Chicken Tenders are so much better than McNuggets! Why would you even torture your children with such rubble, convenience? Shame on you! Though I can relate to the quick stroll through a drive through, I just can’t feed my children crap anymore. In fact the only reason I’m redoing my fried chicken recipe here with you today, other than it’s fantastic, is because of the constant controversy and up roar Micky D’s is always in. A franchise that size shouldn’t be under that much scrutiny and proverbial gun fire if there truly wasn’t anything wrong with their food. It’s sad. I’ve always liked McDonald’s, enough anyway. I’m not that picky when it comes to a burger joint though. I’ll hit them all. But now with GMO’s added to the conspiracy theories, how can we trust any major franchise to make our food?

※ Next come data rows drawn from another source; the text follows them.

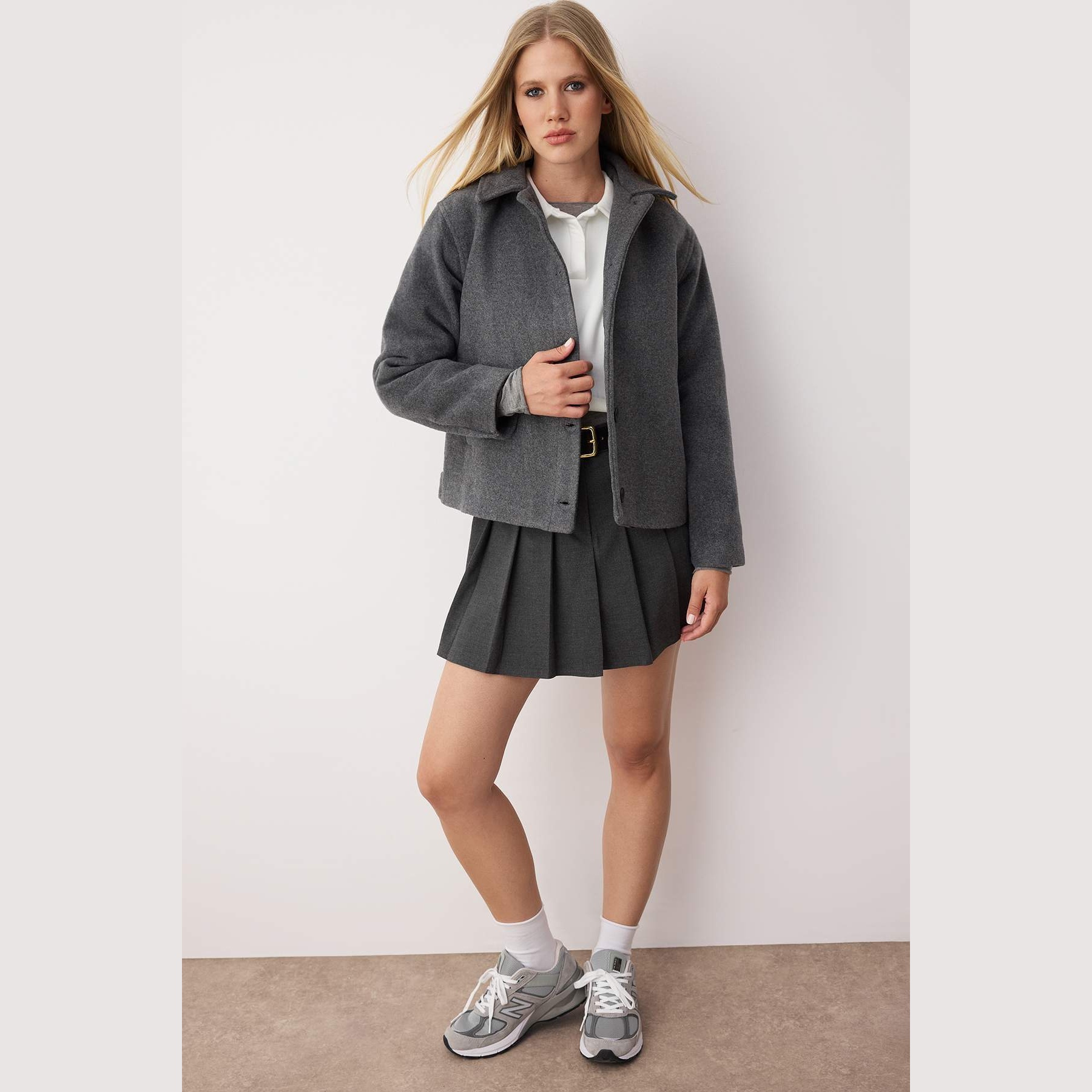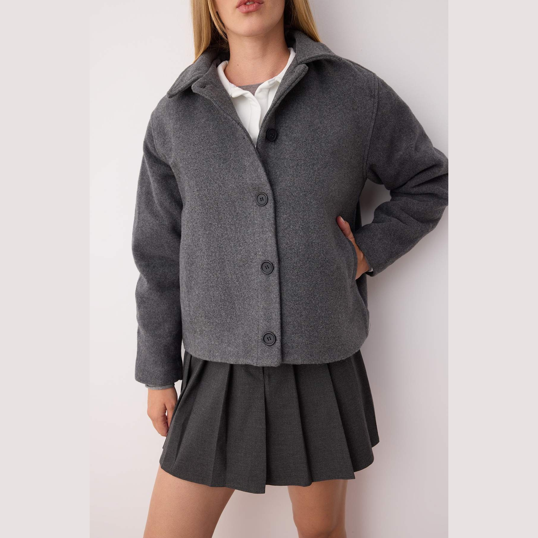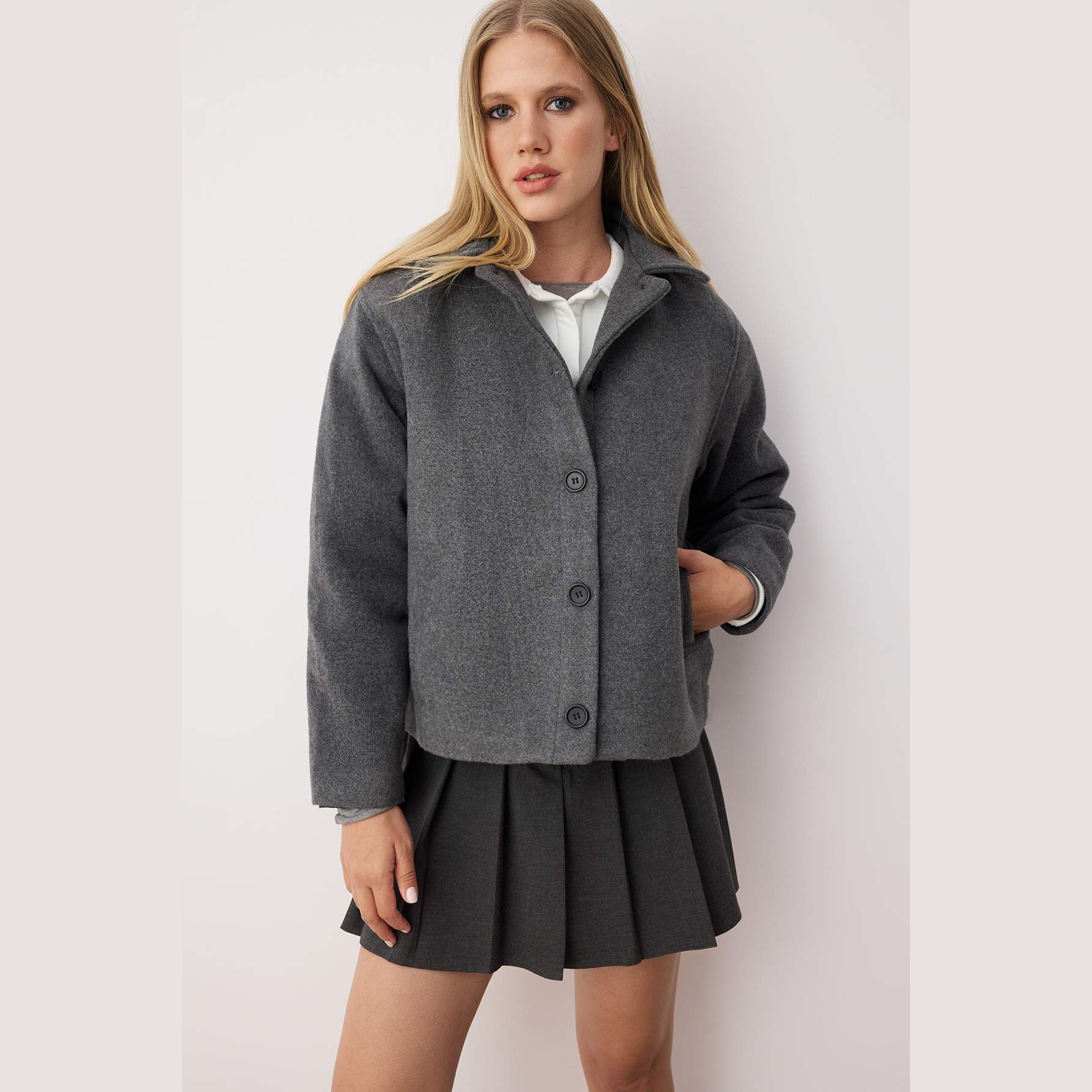 جاكيت أنيق بلون رمادي داكن (أنْتراسيت) من مجموعة Trendyolmilla – لأناقة يومية بلمسة خفيفة وعملية، يتميز بقصة منتظمة (Regular Fit) بطول عملي، مع ياقة مستقيمة، وأكمام طويلة، وإغلاق أمامي مفرد، مصنوع من خامة قماش كاشمير خفيف بتركيبة متعددة تشمل 69% أكريليك، 13% بوليستر، 12% صوف، 2% قطن، 2% فيسكوز، 2% بولياميد، ومبطن بالكامل، ما يجعله مثاليًا لأيام الربيع والخريف أو الأجواء المعتدلة.
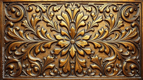Ornate embossed metal decor, intricate design, golden texture, lavish ornamentation
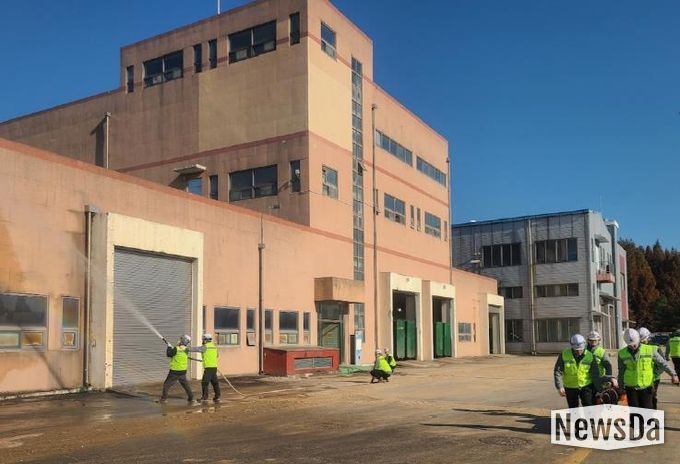 이번 훈련은 시설 내 설비동에서 화재가 발생한 상황을 가정해 진행됐으며, ▲초기 화재 진압 ▲신속한 현장 대피 ▲응급환자 이송 ▲소화기 사용 교육 등 실제 상황을 대비한 단계별 대응 절차를 중점적으로 훈련을 실시했다.
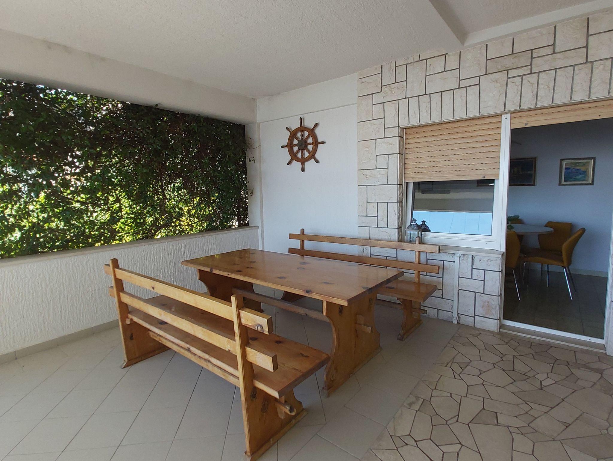 Ferienwohnung bietet Platz für 6 Gäste. Die Betten sind in Schlafzimmern, die es 3 gibt, innerhalb einer Gesamtfläche von 103m2, angeordnet. Die Gäste haben eine eigene Terrasse zur Verfügung, auf der sie in warmen Sommernächten genießen können. Das Apartment bietet Meerblick. Es ist erlaubt, Speisen auf dem Gemeinschafts-Grill vorzubereiten. IM PREIS INBEGRIFFEN: Kurtaxe, Endreinigung, Klimatisierung, Parkplatz, Internet, Wäschewaschen, Bügeleisen, Bügelbrett, Föhn, Sonnenschirm, Liegestühle. VERBINDLICHE ZUSÄTZLICHE KOSTEN: Aufzahlung für Kurzaufenthalte (prozentualer Zuschlag pro Nächtigungsanzahl: 30% - 1, 20% - 2, 10% - 3). Die Verfügbarkeit zusätzlicher Dienstleistungen in Ihrem reservierten Termin und die Preise derselben (falls nicht aufgeführt) müssen im Voraus überprüft werden. Zusätzliche Dienstleistungen die in der Zahlungsaufforderung nicht aufgeführt sind werden direkt beim Vermieter bezahlt, angenommen der Gast nutzt auch diese.
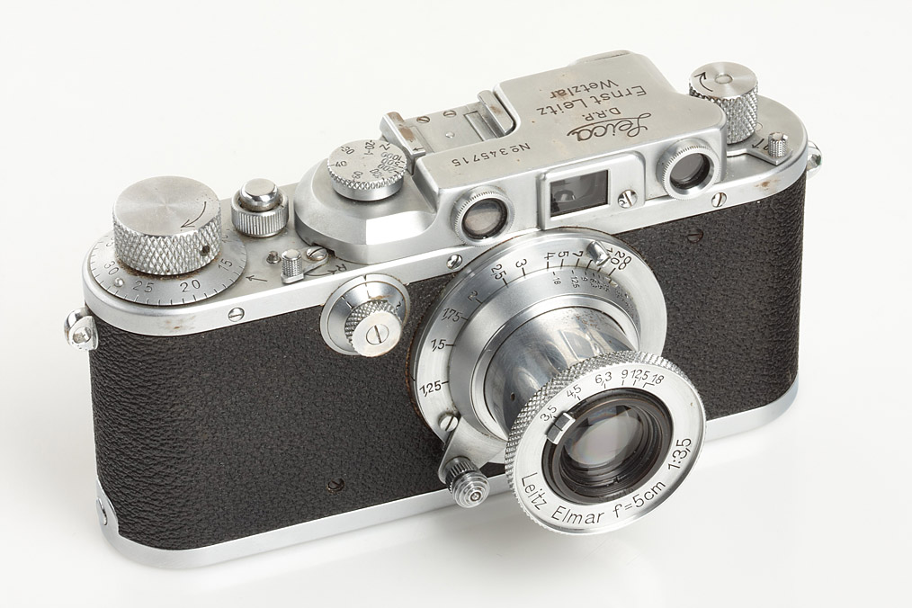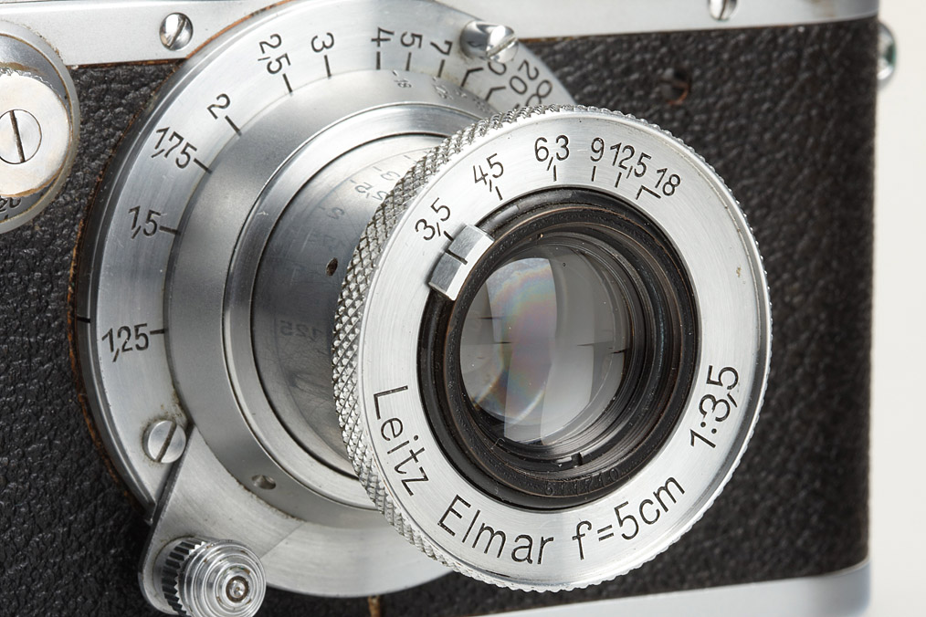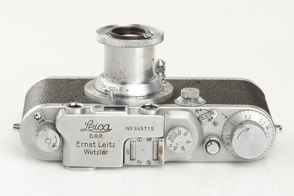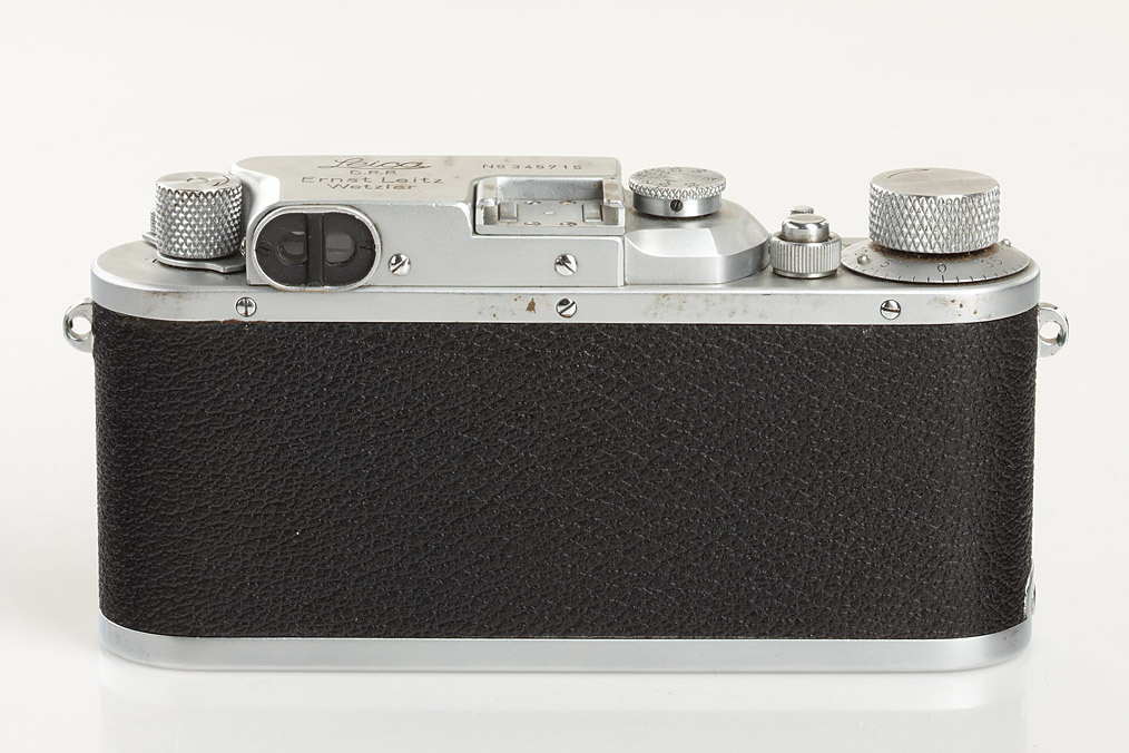 war-time IIIb with Elmar 3.5/5cm no.511710, Elmar 3.5/5cm no.557341 (cond. B+, caps), all-chrome Elmar 4/9cm no.646231 (cond. B+, caps)
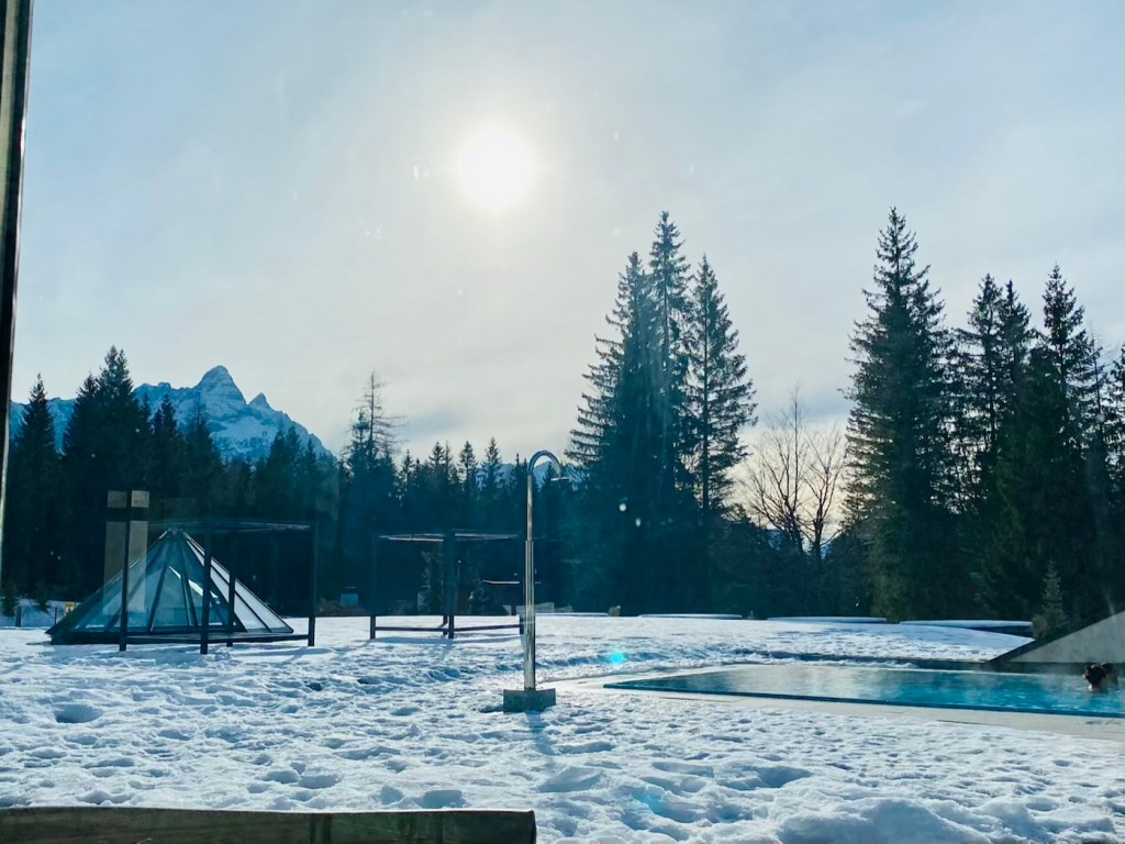 Well, it also came with access to skiing slopes, cross country skiing (not for me after falling ☹️), a spa, a sauna and a swimming pool. Yes, ok, it was a bit like glamping (glamorous camping 😍). We thought fair enough for the very first time… it was fantastic!
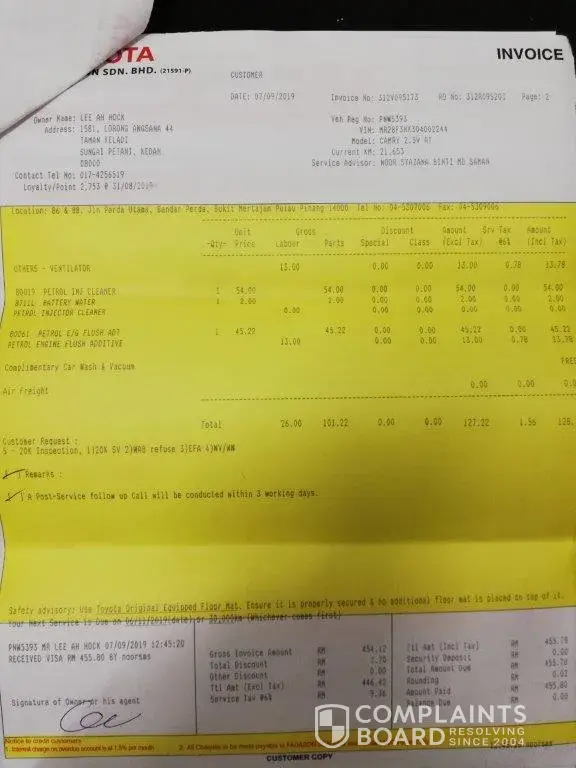 and now TOYOTA MALAYSIA claimed that i miss 2 times service in year 2014.
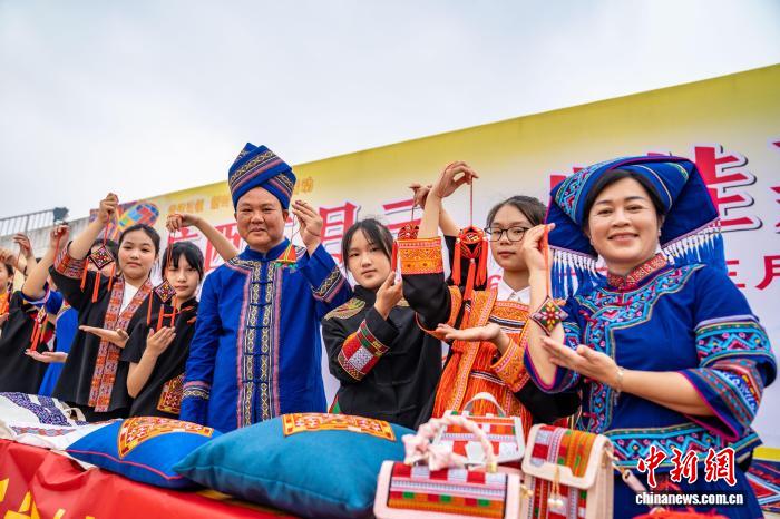 图为学生们身着民族服饰迎接“三月三”的到来。高如金 摄
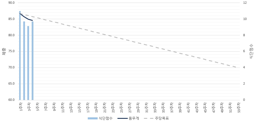 4주차에는 목표했던 식단점수인 10점보다 낮은 점수인 9.7점이었습니다. 목표 점수는 달성했는데, 체중은 3주차 84.9 kg에서 300g 정도 빠졌습니다. 목표했던 400g에 미치지 못했습니다. 2주동안 매주 900 g씩 빠졌으니, 이제 조금 감량폭이 줄어들 때도 된 것 같습니다.
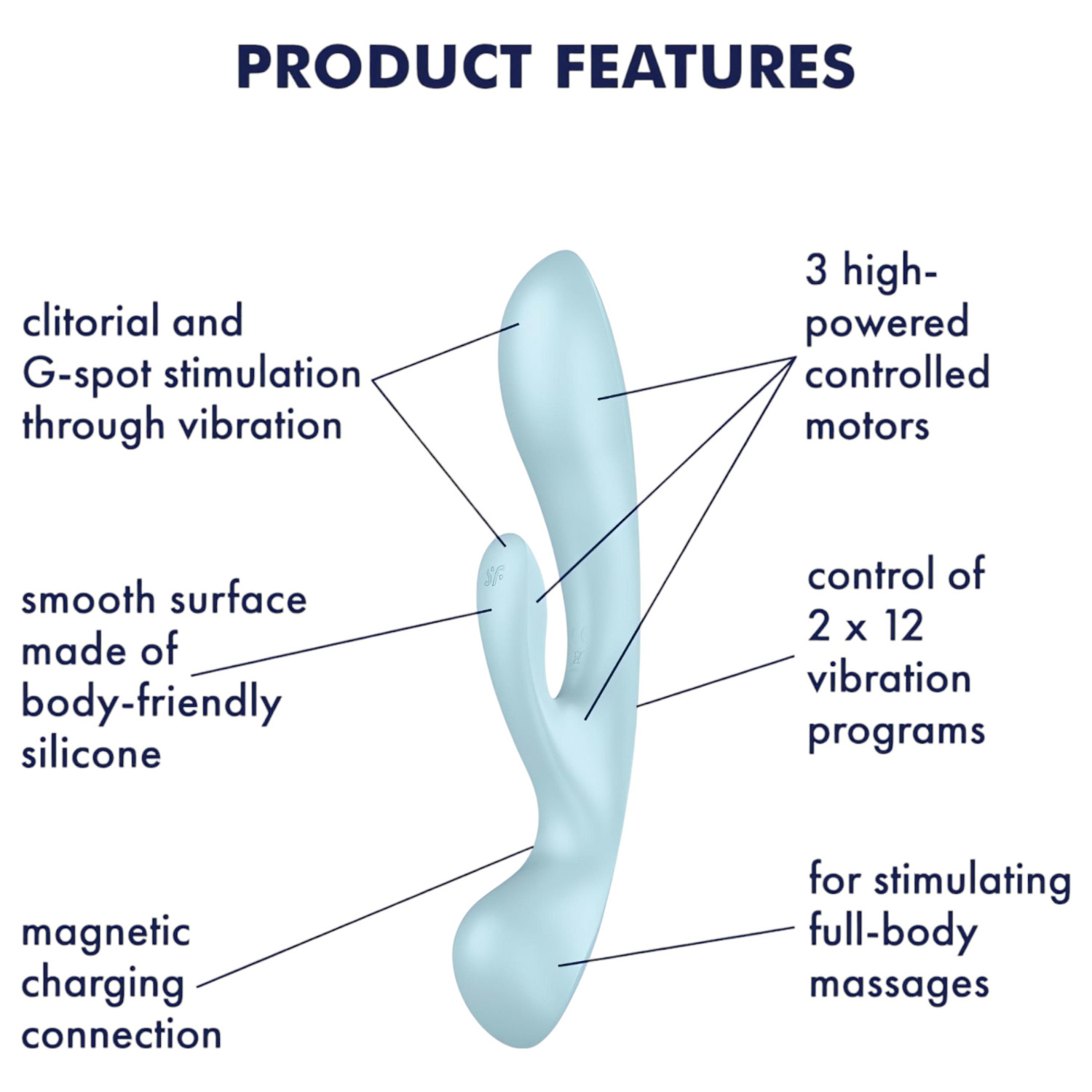 Satisfyer Triple Oh - επαναφορτιζόμενος δονητής με κλειτοριδική ράβδο (μπλε)
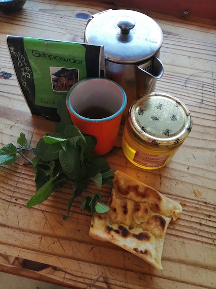 Pour l'accompagner un thé vert à la menthe Nahnah ainsi que du miel de lavande

Chicken Tenders are so easy to make and as always, they taste delicious. So step into my office, and let’s once again nail down another easy gourmet recipe!
Chicken Tenders Ingredients:
1 chicken breast
1 cup of flour
1 tbsp crab boil seasoning
1 tsp sage
1 tsp thyme
1 tsp oregano
1/2 tsp cumin
1 tbsp black pepper
1/4 cup Whipping Cream
Peanut oil for frying
Cut the chicken breast into 3/8 inch slices
Mix all dry ingredients together in a bowl
Whisk the egg and whipping cream together
Coat the chicken first in the dry ingredients then in the egg wash and back in the dry ingredients again.
Fry at 375 degrees until the chicken tenders float to the top and turn golden brown.